Many hospitals have been hesitant to offer financial assistance to physicians and group practices to adopt I.T. because of anti-kickback laws and other legal hurdles. There is a movement to create exemptions in federal laws to clear the way for hospitals to lend physicians an I.T. hand. But for now, payers, which face few legal hurdles, have a clear shot at winning the hearts and minds of physicians by helping them automate their practices.
A few payers responded early to the call for I.T. assistance and implemented programs several years ago that now are being expanded.
Other payers, such as Highmark Inc., a Pittsburgh-based Blue Cross and Blue Shield licensee, in recent months have taken bold new steps to get physicians to automate. Some payers also are kicking off programs to host personal health records for patients to enable them to take a bigger role in their health care (see story, page 102).
But the effort to lend a helping I.T. hand is not an entirely altruistic gesture on the part of payers, says Simmi Singh, vice president of the health care industry practice at Cognizant Technology Solutions Corp, a Teaneck, N.J.-based consulting and outsourcing firm.
Increasing automation at group practices-such as via electronic prescribing-can help reduce transaction costs for payers as well as increase adherence to drug formularies, Singh notes.
But there is a larger game being played out in the marketplace, she says. Payers and large providers, such as integrated delivery systems, are trying to find ways to own the relationships with patients and become the trusted advisor to independent consumers, she says.
"Patients will take advice from the organization they trust for quality, and that trusted organization is going to be able to offer a host of fee-based services," she says.
Singh adds that becoming a trusted health care advisor supports payers' efforts to entice patients into consumer-directed health plans, high-deductible products that many payers believe have the potential to substantially lower their coverage costs.
"If you look under the hood, there are a lot of motives and incentives for payers to start supporting physicians trying to adopt I.T.," she says.
True believers
Whatever their motivations, some payers have entered the I.T. ring in a big way.
Three years ago, Hawaii Medical Service Association, the state's Blue Cross and Blue Shield licensee, believed electronic prescribing and electronic medical records were catching on, says Richard Chung, M.D., senior vice president in the health services division. "We thought we could facilitate this by supporting an e-prescribing platform," he adds.

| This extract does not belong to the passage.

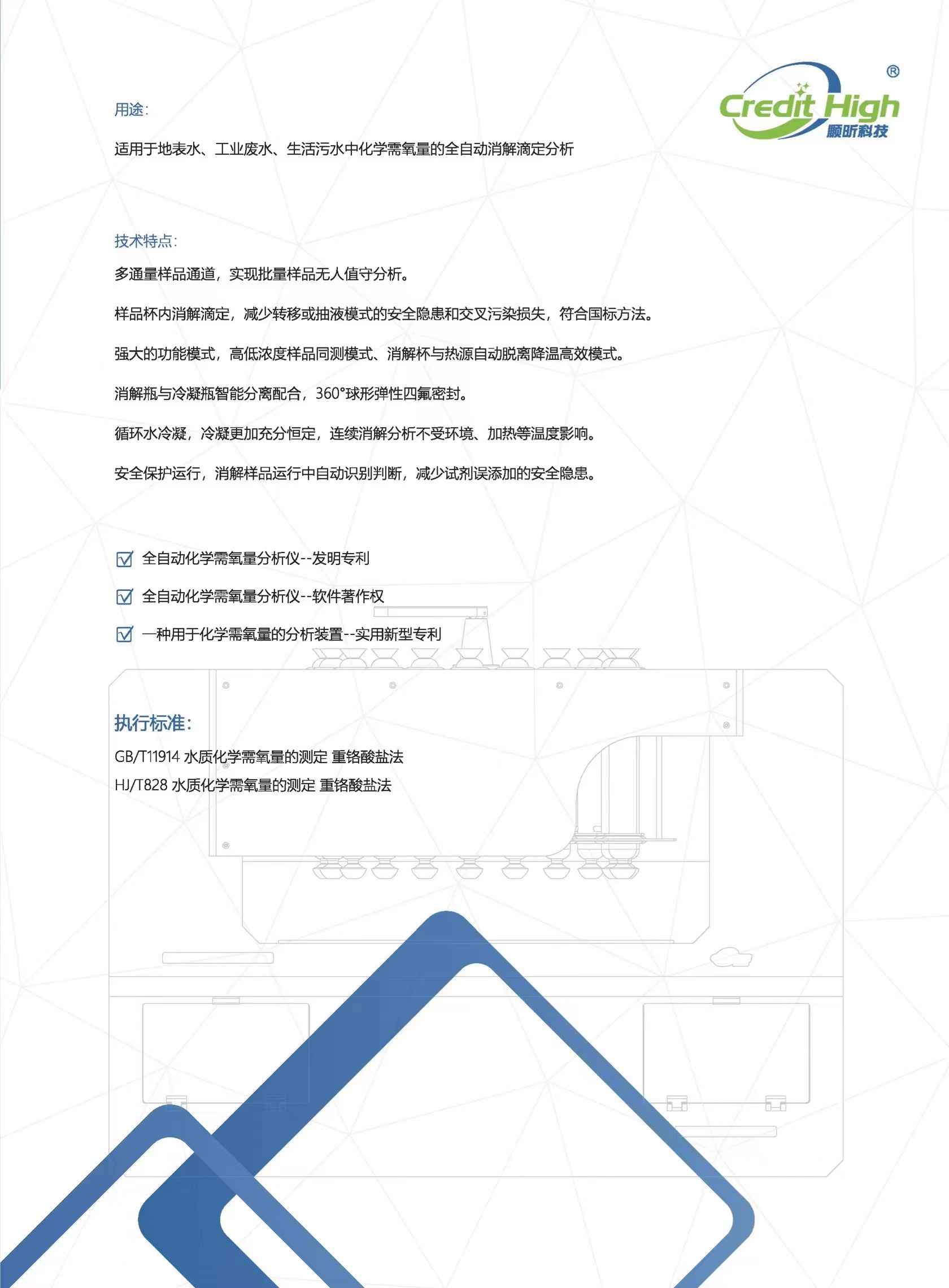 适用于地表水、工业废水、生活污水中化学需氧量的全自动消解滴定分析

Since then, the plan has spent about $3 million to outfit 600 physicians with e-prescribing software; mobile computing devices or desktop workstations; servers; and high-speed Internet connections. The physicians paid a $50 monthly licensing fee for the prescribing software, which is a module of the TouchWorks electronic medical records product of Allscripts LLC, Chicago.
Under a recently expanded deal with the vendor, the Blues plan will offer the e-prescribing software to another 100 physicians-this time remotely hosted via the application service provider computing model.
Further, these new physician users and the original 600 will pay a lower $35 monthly software license fee and can purchase other clinical modules from the TouchWorks suite at a 40% discount.